## Records for processing
__________

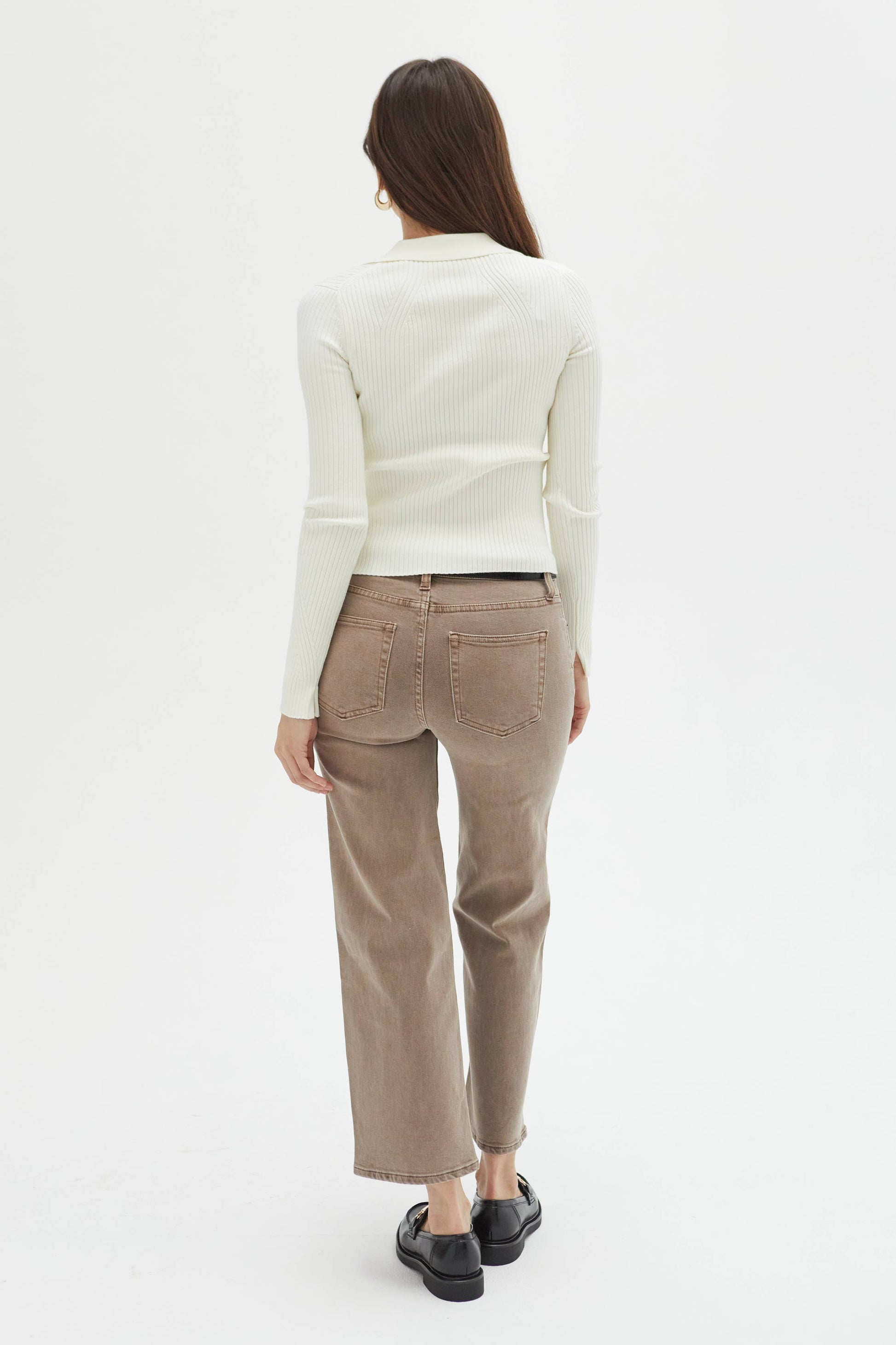 Jeans you'll keep plans for. THE FIT: Mid rise, fitted through the hip with a zipper fly––detailed with a finished hem and ankle slit. THE FEEL: Midweight, ultra-soft cotton with stretch, bounce back, and a premium on-body feel. • Rise 10" Leg Opening 18 3/4" Inseam 26 1/2" • Wash: Brown Overdye
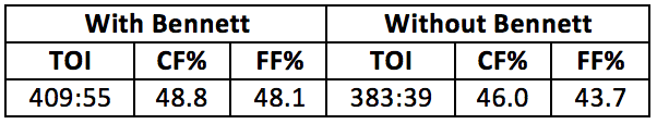 Beyond that, though, I think having Bennett paired with Kris Versteeg to start the season is a promising development. The pair worked well together last season and Versteeg played some of his better even strength hockey with Bennett as his centre. The WOWY numbers below are courtesy Natural Stat Trick.
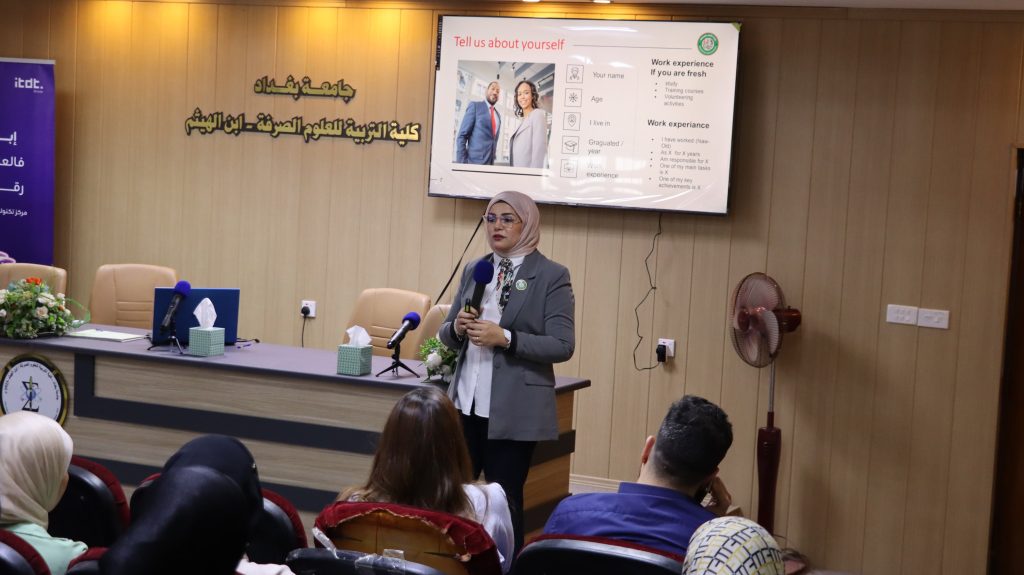 تهدف ورشة العمل الى التعريف بالبرنامج التدريبي الذي يستهدف الشباب المقبلين على التخرج في الجامعات العراقية في بغداد. ويهدف هذا البرنامج إلى تزويدهم بالمهارات اللازمة للانخراط في سوق العمل بعد التخرج و تعزيز فرص حصولهم على الوظائف من خلال ورش عمل متخصصة تتالف من ثلاثة محاور هي مهارات العمل الناعمة, مهارات اللغة الانكليزية للاعمال و طريقة إنشاء واستخدام حساب ..LinkedInيسعى البرنامج إلى تقديم أدوات ومعرفة تساعد الشباب على تطوير مهاراتهم الشخصية والمهنية.
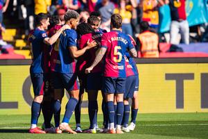 (250331) -- BARCELONA, 31 marzo, 2025 (Xinhua) -- Imagen del 30 de marzo de 2025 de jugadores de FC Barcelona...
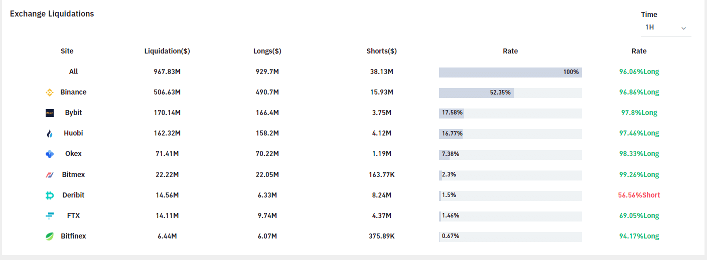 Bu düşüşte kazanan yine vadeli işlem borsaları oldu. Kısa süre içerisinde son zamanlarda görülmemiş oranda likidasyon yaşandı. ByBt verilerine göre son 1 saatte kripto para yatırımcılarının yaklaşık 1 milyar doları buhar oldu.
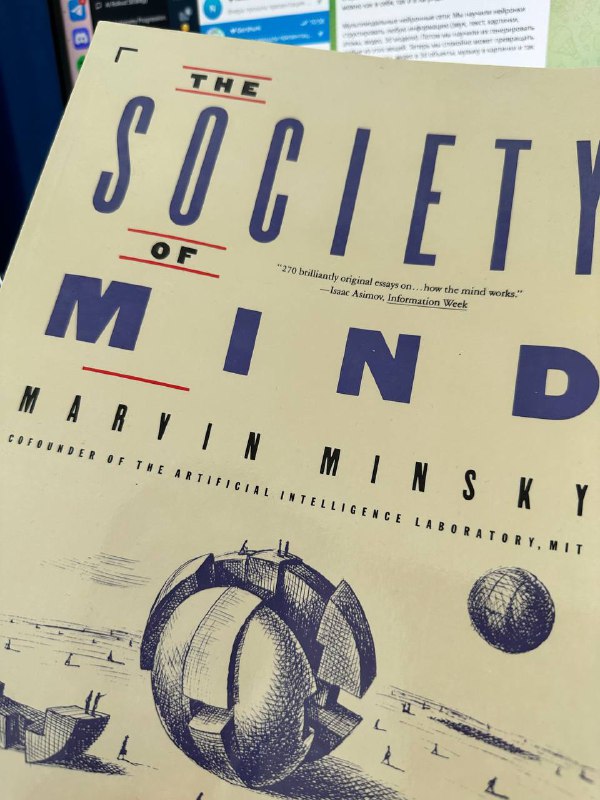 На фотографии — книга, которая лежит у меня на столе уже почти месяц. В ней (1986 год) рассказывается, что разум — это не единый инструмент, а постоянный диалог (социум) большого количества агентов, таких как память, слова, эмоции, логика. Автор — основатель MIT AI Lab.
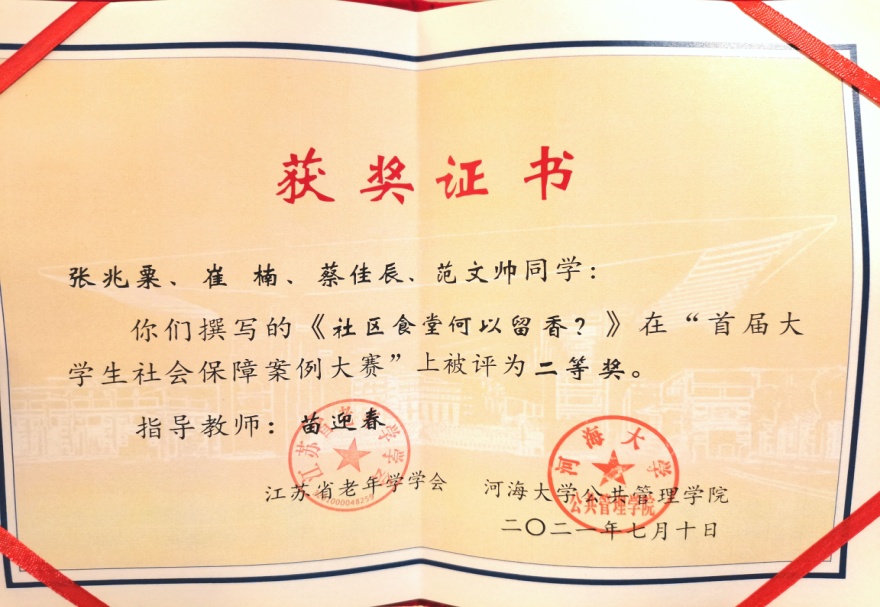 苗迎春老师指导的2020级社会保障研究生团队荣获二等奖,团队成员张兆粟、崔楠、蔡佳辰、范文帅赴宁参加颁奖典礼。
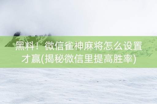 黑料!微信雀神麻将怎么设置才赢(揭秘微信里提高胜率)
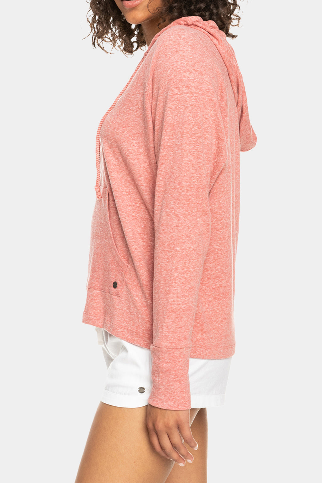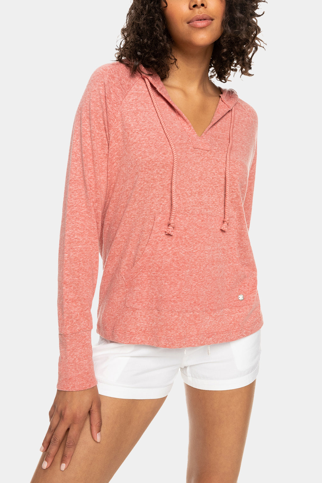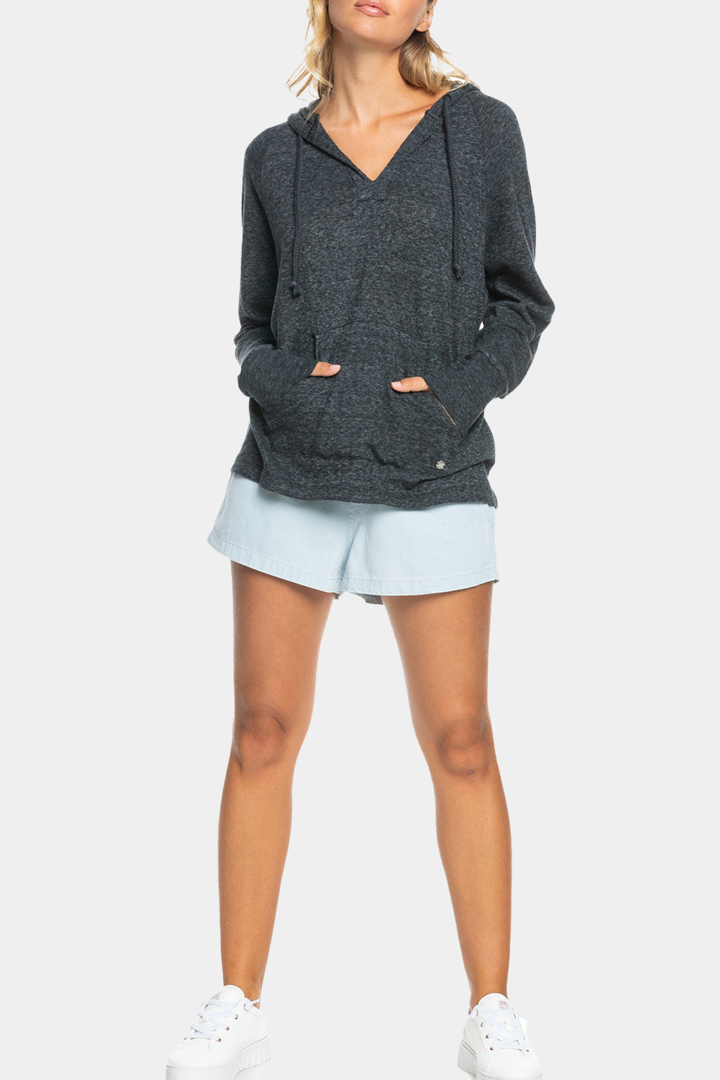Stay comfortable and stylish while catching waves with Roxy's Destination Surf Hoodie. Made with soft blended cotton, this hoodie features a kangaroo pouch pocket and a deep V-neck for a relaxed fit. Perfect for surfers on the go.
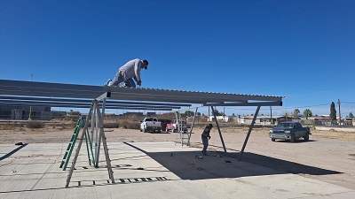 Ojinaga Chih.- En la clínica del ISSSTE se lleva a cabo el trabajo de techado en el área de estacionamiento, realizado por personal del Departamento de Obras Públicas.
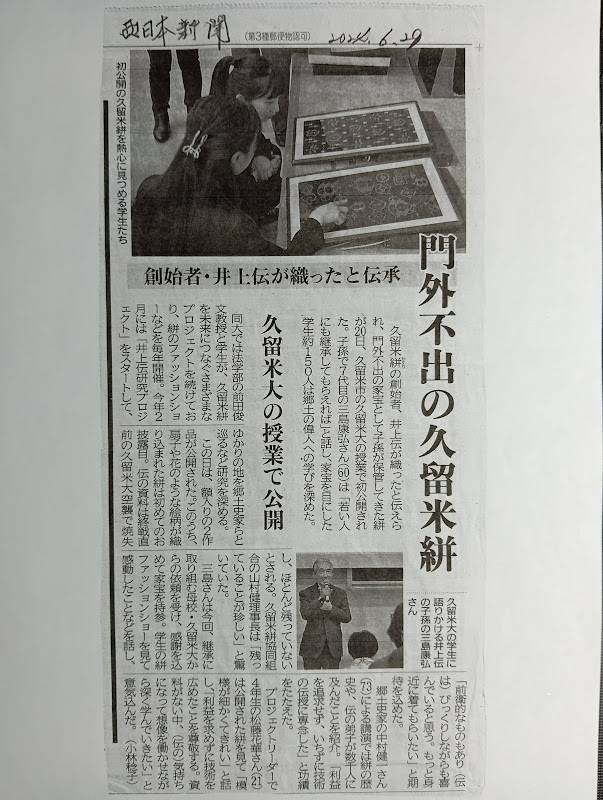 ◇◆西日本新聞にも掲載 久留米大学の授業で初公開◇◆
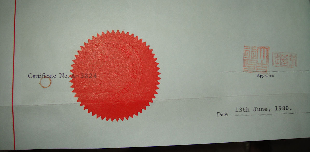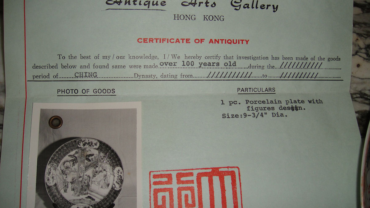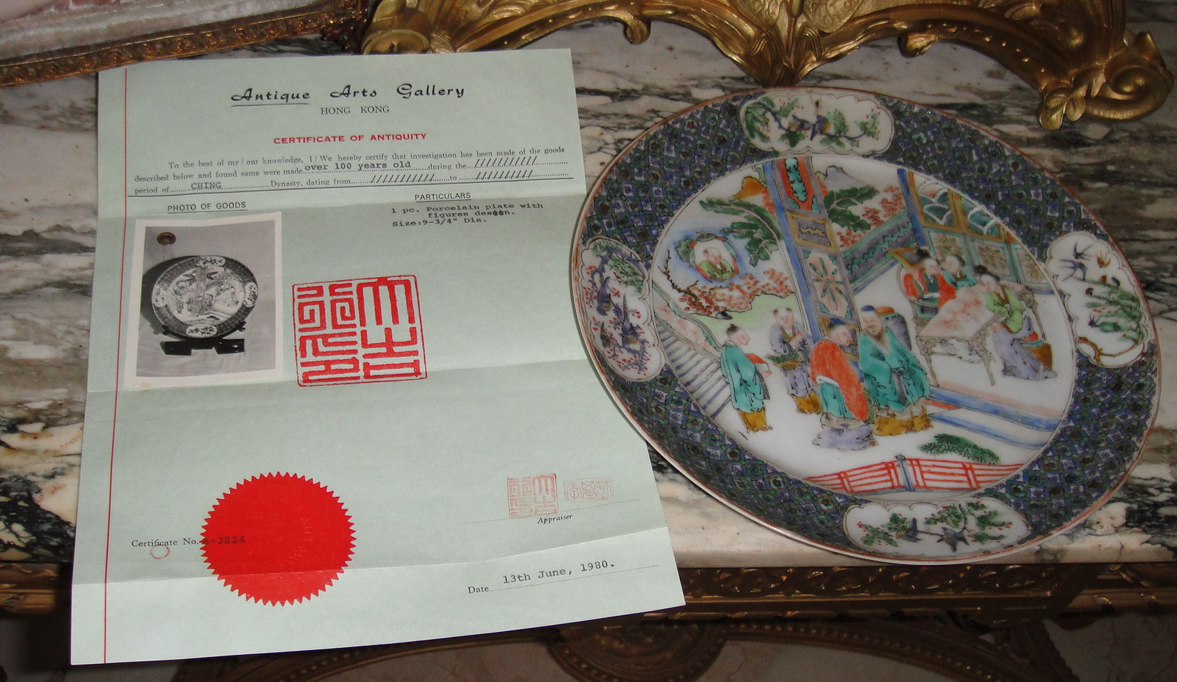 #CHPLTPg.P. Wonderful Antique Display Plate made in the Ching Dynasty Period with Certificate. A beautiful display antique plate for a great appearance if you collect such as the colours remain rich in addition to the beautiful condition of this plate. There are NO chips, NO cracks and remain in the same condition as I found it in. I am giving the Certificate which was with this antique Ching Dynasty Period plate. If you are collector of such this would make a great addition to your treasures and one to admire. Price: 250

__________

## What is required
The entries above should be reproduced exactly, without their pictures.

## Result of this exercise
 Jeans you'll keep plans for. THE FIT: Mid rise, fitted through the hip with a zipper fly––detailed with a finished hem and ankle slit. THE FEEL: Midweight, ultra-soft cotton with stretch, bounce back, and a premium on-body feel. • Rise 10" Leg Opening 18 3/4" Inseam 26 1/2" • Wash: Brown Overdye
 Beyond that, though, I think having Bennett paired with Kris Versteeg to start the season is a promising development. The pair worked well together last season and Versteeg played some of his better even strength hockey with Bennett as his centre. The WOWY numbers below are courtesy Natural Stat Trick.
 تهدف ورشة العمل الى التعريف بالبرنامج التدريبي الذي يستهدف الشباب المقبلين على التخرج في الجامعات العراقية في بغداد. ويهدف هذا البرنامج إلى تزويدهم بالمهارات اللازمة للانخراط في سوق العمل بعد التخرج و تعزيز فرص حصولهم على الوظائف من خلال ورش عمل متخصصة تتالف من ثلاثة محاور هي مهارات العمل الناعمة, مهارات اللغة الانكليزية للاعمال و طريقة إنشاء واستخدام حساب ..LinkedInيسعى البرنامج إلى تقديم أدوات ومعرفة تساعد الشباب على تطوير مهاراتهم الشخصية والمهنية.
 (250331) -- BARCELONA, 31 marzo, 2025 (Xinhua) -- Imagen del 30 de marzo de 2025 de jugadores de FC Barcelona...
 Bu düşüşte kazanan yine vadeli işlem borsaları oldu. Kısa süre içerisinde son zamanlarda görülmemiş oranda likidasyon yaşandı. ByBt verilerine göre son 1 saatte kripto para yatırımcılarının yaklaşık 1 milyar doları buhar oldu.
 На фотографии — книга, которая лежит у меня на столе уже почти месяц. В ней (1986 год) рассказывается, что разум — это не единый инструмент, а постоянный диалог (социум) большого количества агентов, таких как память, слова, эмоции, логика. Автор — основатель MIT AI Lab.
 苗迎春老师指导的2020级社会保障研究生团队荣获二等奖,团队成员张兆粟、崔楠、蔡佳辰、范文帅赴宁参加颁奖典礼。
 黑料!微信雀神麻将怎么设置才赢(揭秘微信里提高胜率)
Stay comfortable and stylish while catching waves with Roxy's Destination Surf Hoodie. Made with soft blended cotton, this hoodie features a kangaroo pouch pocket and a deep V-neck for a relaxed fit. Perfect for surfers on the go.
 Ojinaga Chih.- En la clínica del ISSSTE se lleva a cabo el trabajo de techado en el área de estacionamiento, realizado por personal del Departamento de Obras Públicas.
 ◇◆西日本新聞にも掲載 久留米大学の授業で初公開◇◆
 #CHPLTPg.P. Wonderful Antique Display Plate made in the Ching Dynasty Period with Certificate. A beautiful display antique plate for a great appearance if you collect such as the colours remain rich in addition to the beautiful condition of this plate. There are NO chips, NO cracks and remain in the same condition as I found it in. I am giving the Certificate which was with this antique Ching Dynasty Period plate. If you are collector of such this would make a great addition to your treasures and one to admire. Price: 250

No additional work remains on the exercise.